Problem workers aren't news to Vice President Al Gore. When his National Performance Review team asked bureaucrats what needed fixing in the bureaucracy, inability to oust nonperformers was the most common complaint. Three out of four former Bush administration appointees said the same in an exit survey last year.

Gore's "reinventing government" plan urges that removals be faster, but asks Congress to decide how. A Senate proposal would beef up the EEOC's investigative staff to clear a backlog of more than 17,000 federal complaints whose average age is 379 days.

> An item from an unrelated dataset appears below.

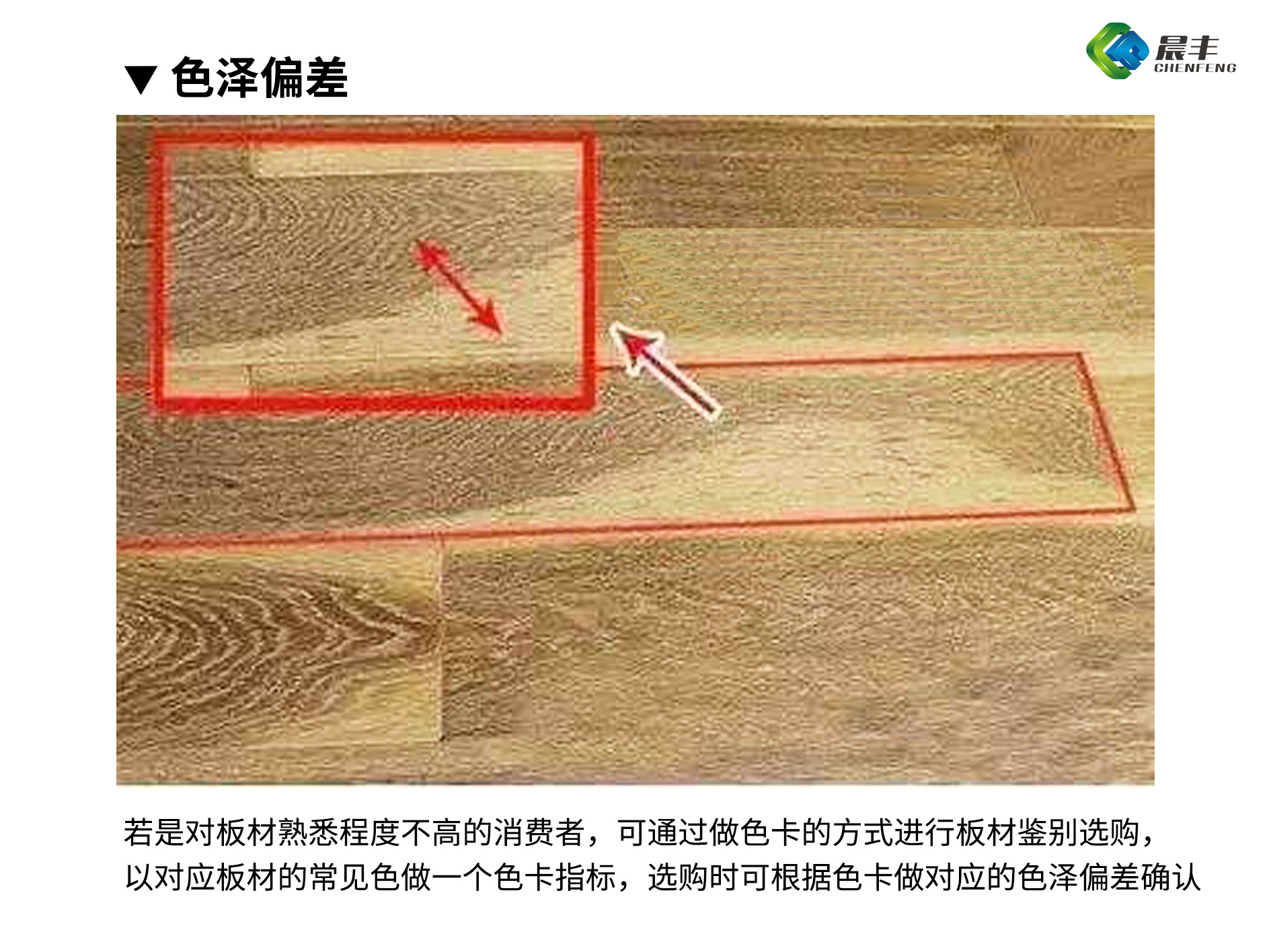 因此,若是对板材熟悉程度不高的消费者,可通过做色卡的方式进行板材鉴别选购,以对应板材的常见色做一个色卡指标,选购时可根据色卡做对应的色泽偏差确认。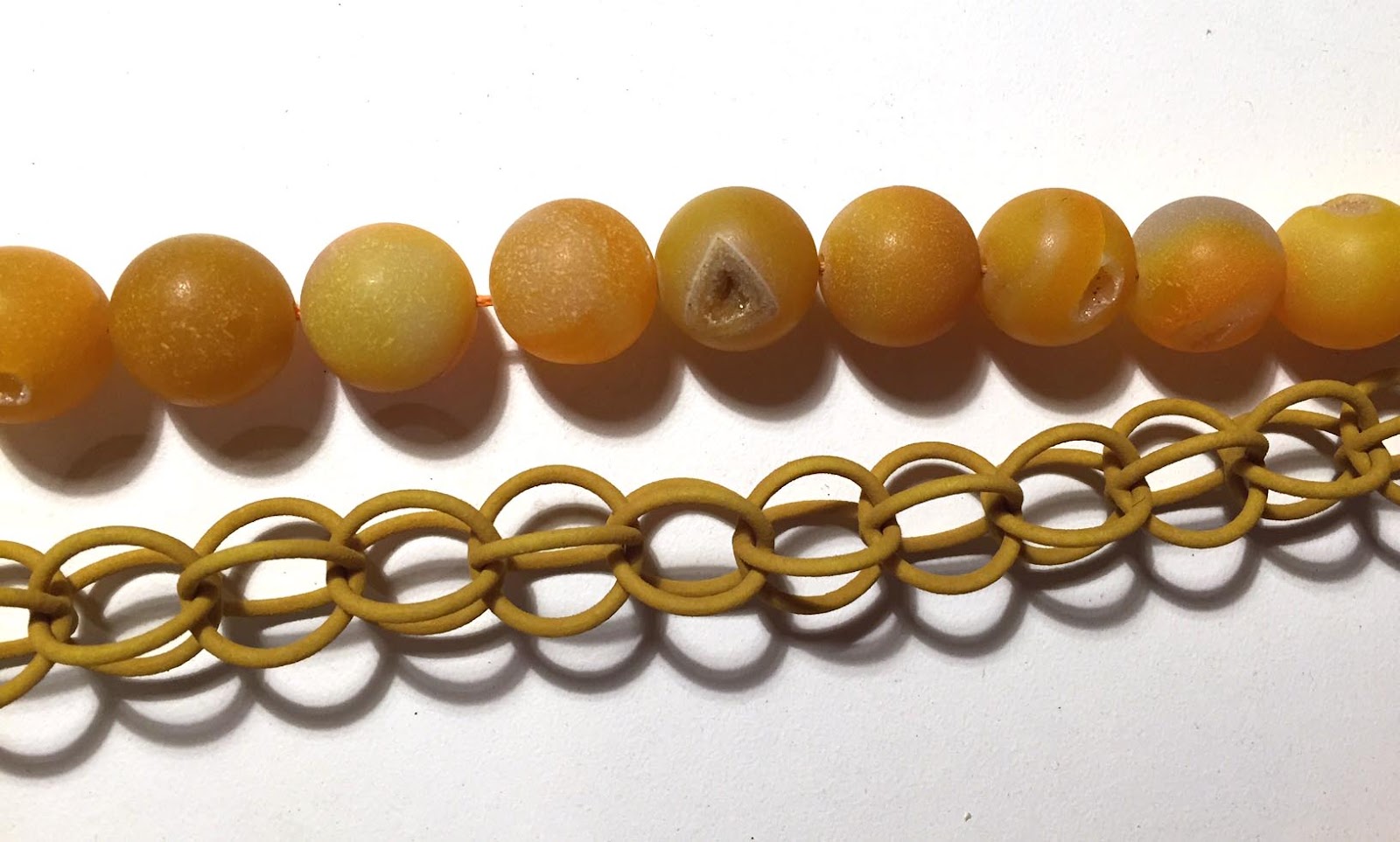 SLS Nylon, Hand dyed, Orange Druzy Quartz Beads

Whether cases come before the EEOC or less prominent review agencies like the Merit Systems Protection Board or the Federal Labor Relations Authority, they all have the same effect: "They make the manager the defendant," says lawyer and former bureaucrat Jerry Shaw, whose Washington firm often represents embattled supervisors. "That's the problem. That's why managers don't fire people."

"Absolute bunk!" sputters lawyer Irving Kator, whose firm defends lots of terminated workers. "If a manager's got a good case, there's no reason for them to be afraid. They only get screwed when they don't follow the regulations they've made up."

The Civil Service Reform Act of 1978 says workers warned of incompetence can be fired if they fail to meet explicit standards within 30 days. The rub: Workers fight bad ratings as hard as they fight removals. As a result, cowed managers rate only one in 500 unsatisfactory.

Loopholes abound for those who decide to fight a dismissal. If a manager kept a book on the ousted employee, were the same records kept for all? Were voices ever raised, betraying "animus" against the worker? If the worker filed grievances against the manager, were they studiously ignored?

One effect has been a tripling of the bias complaint rate against managers who tried to fire people from 1988 to 1991, according to the EEOC's latest report.

At the Agriculture Department,managers must "avoid complaints" and "actively pursue" settlement of old discrimination cases to earn top ratings and bonuses from Secretary Mike Espy. Building "a new management culture," is the goal, he explains in a covering memo.

"Getting tough can't help you," says an Energy Department official. And if an ousted worker finds a forum in the secretary's office, "it probably means some assistant will come down to you and say, `Make this problem go away.'

"Suddenly everybody wants to water the dismissal down to a transfer or a 30-day suspension. You can't help yourself. Suddenly that seems like a good idea."